Exercise goal :: Please quote exactly the lines below from the line containing "Saf pamuklu poplin" to the line containing "to blue.) |", both lines included, and nothing else.

Information supplied ::
■ ■ ■ ■ ■

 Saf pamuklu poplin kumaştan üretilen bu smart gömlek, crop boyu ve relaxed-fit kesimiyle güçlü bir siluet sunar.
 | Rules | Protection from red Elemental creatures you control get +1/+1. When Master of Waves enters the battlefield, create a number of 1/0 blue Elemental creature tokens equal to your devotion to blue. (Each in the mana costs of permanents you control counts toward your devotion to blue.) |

■ ■ ■ ■ ■

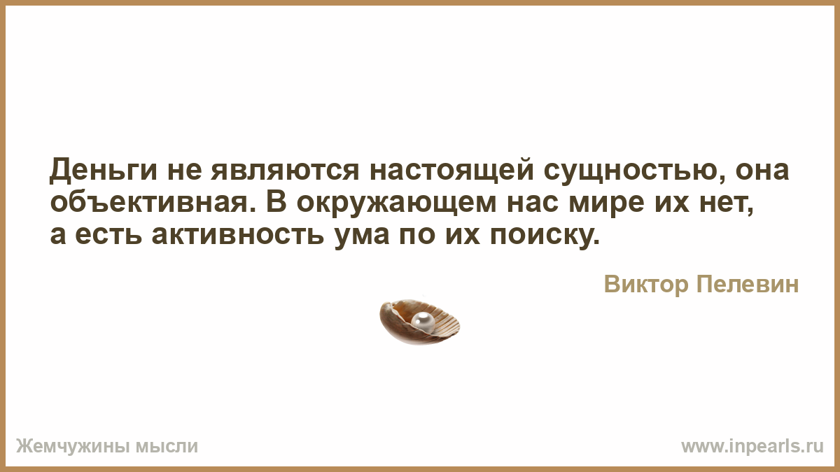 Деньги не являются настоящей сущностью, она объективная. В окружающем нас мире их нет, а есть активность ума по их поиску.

■ ■ ■ ■ ■

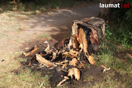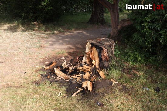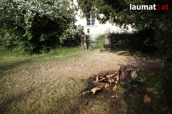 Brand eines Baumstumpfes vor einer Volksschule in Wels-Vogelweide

■ ■ ■ ■ ■

Exercise answer ::
 Saf pamuklu poplin kumaştan üretilen bu smart gömlek, crop boyu ve relaxed-fit kesimiyle güçlü bir siluet sunar.
 | Rules | Protection from red Elemental creatures you control get +1/+1. When Master of Waves enters the battlefield, create a number of 1/0 blue Elemental creature tokens equal to your devotion to blue. (Each in the mana costs of permanents you control counts toward your devotion to blue.) |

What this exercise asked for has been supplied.